Kaum muda yg semula memberontak krn sangat marah kepada pemerintahnya kemudian menjadi ragu dengan pemberontakan mereka tsb. Buat apa bersusah payah hidup di hutan atau di gunung, jika di kampung mereka lebih nyaman dan makmur. Lapangan pekerjaan banyak, cari duit juga mudah. Sehingga akhirnya satu persatu mereka kembali ke kampung halamannya. Bahkan para pemimpin pemberontak tsb diberi jabatan strategis sesuai tingkat kepemimpinan mereka, dan peran sertanya memajukan daerah masing2, tidak dihukum ataupun diasingkan. Karena didasari kesadaran bahwa bagaimanapun mereka adalah saudara mereka sendiri, anak bangsa mereka sendiri.

Dan jika kita menengok kembali saat ini, pengaruh modernisasi itu justru telah merembet ke Vietnam. Ikut melunturkan pengaruh komunis di sana. Dan perlahan namun pasti, tingkat ekonominya mulai merangsek Indonesia dan Malaysia, dua raksasa ekonomi pendahulu di Asia Tenggara.

Raksasa yg makin terpuruk karena tidak pernah bisa menghargai kehebatan anak bangsanya sendiri, dengan kebanggaan atas produk2 import-nya yang makin konsumtif, yang makin membebani neraca keuangannya, dan secara meyakinkan membunuh potensi di dlm negerinya sendiri, bahkan termasuk industri gula pasir dan industri garamnya. Kalau perlu, pemimpin perusahaannya pun diimpor saja dari luar negri.

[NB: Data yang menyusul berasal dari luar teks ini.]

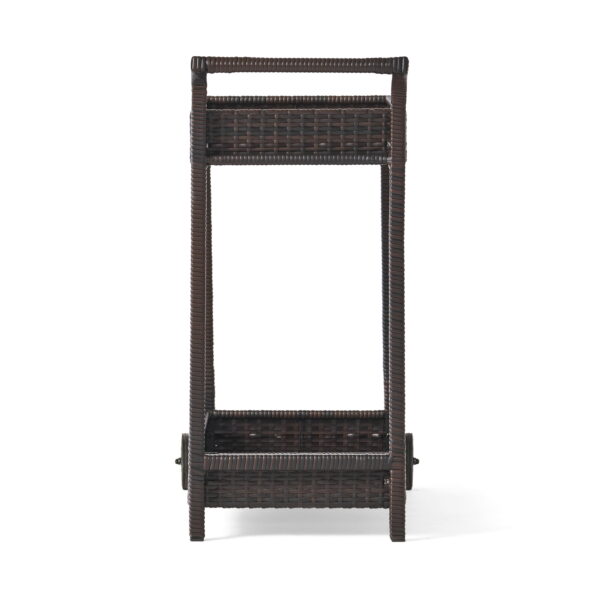 Brown Outdoor Bar Cart with Storage – Wicker Patio Buffet Cabinet on Wheels, for Indoor & Outdoor Use

Malaysia sekarang mulai berbenah untuk sadar diri dengan nasionalismenya, untuk berbangga dengan penggunaan produk dalam negrinya sendiri. Produk untuk rumah tangga berbahan kayu dan plastik, mobil nasional, bahan bakar biofuel produksi sendiri berupa ethanol dan biodiesel, pariwisatanya yg makin mendunia dengan "malaysia thrully asia". Dan sebagai sarana pertumbuhan ekonominya, jalan raya dan jalan tol ("lebuh raya" kata mereka) semakin nyaman diselusuri sedari perbatasan Singapura di selatan sampai dengan perbatasan Thailand di utara. Lantai jalannya cor beton mutu tinggi yg lebar hingga bersap tiga atau bahkan empat, tidak berlobang, tidak pula bergelombang.

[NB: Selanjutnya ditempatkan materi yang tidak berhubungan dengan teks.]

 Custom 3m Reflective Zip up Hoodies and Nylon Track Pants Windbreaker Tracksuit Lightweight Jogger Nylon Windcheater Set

Di Indonesia sendiri di lain pihak, jembatan-jembatan yg ambles dan putus, jalan yang "berlobang, bergelombang, berkubangan, sempit, rusak, licin, rawan longsor, dan rawan kecelakaan" di negeri ini semakin tak terurus saja rasanya. Apalagi di musim penghujan seperti ini. Di Papua sana, bahkan kita disarankan jalan kaki saja biar cepat sampai ke tempat tujuan, krn minimnya sarana jalan dan jembatan.

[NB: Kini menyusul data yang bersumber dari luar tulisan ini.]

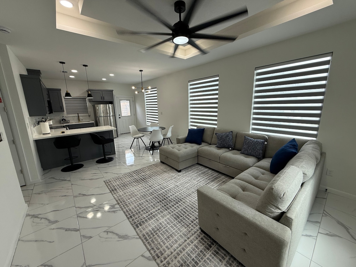 Feel at home in this clean and luxurious property with high-quality furniture, sheets, pillows, and mattresses. The kitchen comes fully loaded with cookware, dining ware, utensils, and anything else you may need to cook except the ingredients! You can also enjoy the state-of-the-art whole-house water filtration system. You will instantly notice the difference the second you step in the shower. The property is about 10 minutes away from the main shopping centers and the airport. Enjoy your stay!

Bahkan yg lebih mengenaskan lagi adalah berita kriminal di setiap hari yg makin diekspos di media massa/media sosial, justru semakin menstimulasi pelaku-pelaku baru untuk mengekor pelaku yg lagi "naik daun". Lihat saja di tivi-tivi Anda saben hari, yg selalu dijejali dg berita tawuran, pembunuhan, perampokan, perampasan, perkosaan, penipuan. Dan siapa kiranya yg jadi korban? Tentu ya anak bangsa Indonesia ini sendiri. Bahkan saking lemahnya kekuatan penegak hukum, sampai-sampai jadi hal yg lumrah bagi aparat kita untuk memasang amar/peringatan seperti "amankan kendaraan anda dengan kunci ganda, daerah ini rawan pencurian" ... Dan amar itu ditulis besar dalam spanduk, yg dibeber di pagar depan mapolsek/mapolres atau pos satpam sekitar.

Beda halnya di Singapura, seorang rekan mengatakan bahwa tingkat kriminalitas di sana sedemikian rendahnya karena selain cctv ada di mana2 dan penegakan hukumnya sangat solid, di sana juga gak ada orang yg sempat nganggur. Kalau ada kasus kriminal, biasanya pelakunya itu wisman yg "iseng dan kurang kerjaan". Di sana malah kekurangan tenaga kerja, sampai orang yg semestinya sudah pensiun pun masih diharapkan membantu bekerja sesuai porsi kemampuan mereka. Lha kalo semuanya sibuk bekerja, ya tentu ga sempat iseng atau jail untuk melakukan hal-hal yg melanggar hukum. Sebenarnya lapangan kerja di sini memang masih kurang, atau warganya yg malas bekerja ya? Atau biaya utk menggaji tenaga kerjanya sudah kelewat kemahalen?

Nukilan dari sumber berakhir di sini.